Paeds Paces Stations

Paeds Paces Stations

EJLA

PAEDS PACES STATIONS

Epilepsy and Funny Turns

Scenario…

A mother comes to see you having been referred by the GP. She mentions that she saw her child fall to the floor and “have a fit”. Please take a history from her and explain your findings and what she should do.
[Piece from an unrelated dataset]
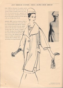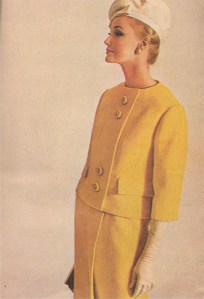 With this exciting discovery, I then wanted to know more about when this fabric was manufactured. I knew that Forstmann Woolen Company had advertised in Vogue Pattern Book Magazine in the 1950s and ‘60s, and I also knew Forstmann woolens were often the fabrics of choice for fashions displayed in the magazine. A little bit of perusing and detective work helped me narrow down an approximate span of years for the production of my wool.

Points to ask in a “fit” history…

Age of child
Describe the event

How long did it occur for

Any other symptoms at the time of the event

Any triggering factors

Has it happened before

Any family history of epilepsy

Birth history esp about any birth trauma, hypoxic episodes

Differential Diagnosis

1)Febrile Convulsions

6 months – 6 years

Occurs early in viral infection when

Temperature rapidly rising

Lasts 1-2 mins with full recovery

Generalised seizure

Management

Reassure parents - no subsequent risk of epilepsy unless seizure lasts >30 mins or more than 1 seizure during the same illness

Suggest management if has fever again: remove clothes, tepid sponging, paracetamol. These are designed to lower temperature thus preventing the convulsion.

2)Epilepsy

Consider an epilepsy syndrome eg West, Lennox Gastaut

Most common is Benign Rolandic Epilepsy which

Often occurs during sleep

Ususally stops by mid-adolescence with no serious implications

Investigate if consider to be epilepsy with

EEG

CT/MRI if focal pathology suspected or resistant to treatment

Management

Valproate usually first line

EDUCATION (we should know this!!)

Advise parents about the dangers of swimming, climbing, cycling,

Need to inform school teachers so they know how to deal with an event

Other causes of seizures

3) Head trauma

4) Meningitis

5) Hypoglycaemia

Therefore, rule these out in the history!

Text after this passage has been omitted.